Coralline algae also incorporate changes in their ambient environment into the geochemistry of their skeletons (Chave and Wheeler, 1965; Moberly, 1968; Williams et al., 2011; Chan et al., 2017). Seasonality seen in trace elements in algal skeletal calcite can help to better identify annual growth banding patterns. Field calibration experiments have confirmed that algal geochemistry provides a reliable indication of ocean temperatures (Halfar et al., 2008). Comparisons between algal proxies and measured surface ocean data have shown that algal Mg/Ca ratios are temperature-dependent (Kamenos et al., 2008; Nash and Adey, 2017; Hetzinger et al., 2018). The substitution of magnesium in calcite is endothermic, favored at higher temperatures, and builds the basis for magnesium paleothermometry in different marine organisms (e.g. Lea, 2003).
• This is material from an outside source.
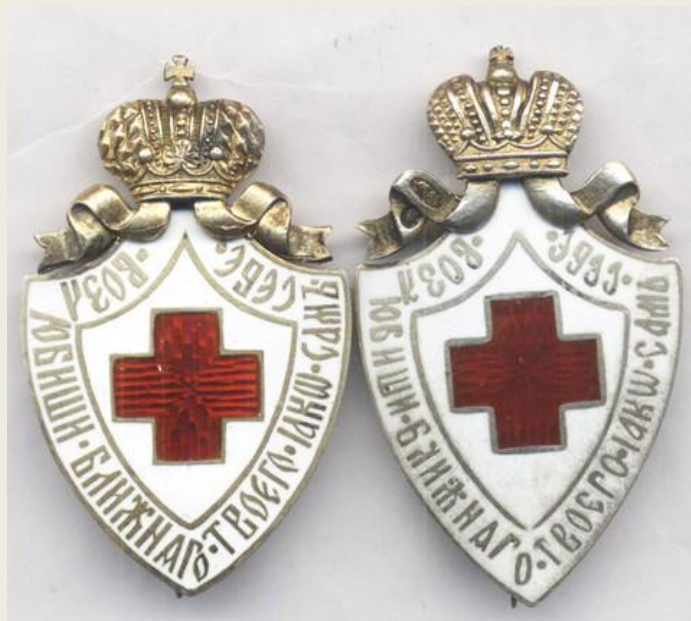
Знак Российского Императорского Красного Креста, им награждали сестёр Милосердия

Организация, подобная МККК, была основана в Российской империи в Санкт-Петербурге ещё в 1854 году по инициативе великой княгини Елены Павловны и Николая Ивановича Пирогова и получила название Крестовоздвиженской общины сестёр милосердия. В это время шла Крымская война, и её ужасы были в числе главных причин основания общины. Крестовоздвиженская община была первой в своем деле никто до сих пор не помогал раненым на поле боя, и вскоре первые 120 сестер милосердия, обученных самим Пироговым стали оказывать помощь на полях сражения. Сам великий хирург не раз отмечал, что оправка женщин на фронт была авантюрной идеей, исполненной им на свой страх и риск — армейские авторитеты противились присутствию женщин, а сам главнокомандующий царской армией А. С. Меншиков заявлял, что сестры милосердия хороши только для любовных утешений с солдатами.

The direct matching of highly-resolved Mg/Ca time series measured in skeletal calcite along transects parallel to the direction of algal growth, visible in high-resolution microscope photomosaic images, can provide a valuable tool to distinguish subseasonal cyclicity from seasonal cycles and is routinely used as a method to calibrate and refine age models (e.g. Hetzinger et al., 2019). Due to the well-developed regular annual growth banding and the potential of long-lived specimens, crustose coralline algae have been established as biogenic climate archives in recent years (Svendsen et al., 2014; Hetzinger et al., 2021; Siebert et al., 2021). A number of studies have examined various aspects of the chemical and physical structure of attached-living coralline algae in order to reconstruct past changes in large-scale climate variability (Halfar et al., 2007; Gamboa et al., 2010; Williams et al., 2014; Williams et al., 2018a; Williams et al., 2018b; Leclerc et al., 2022).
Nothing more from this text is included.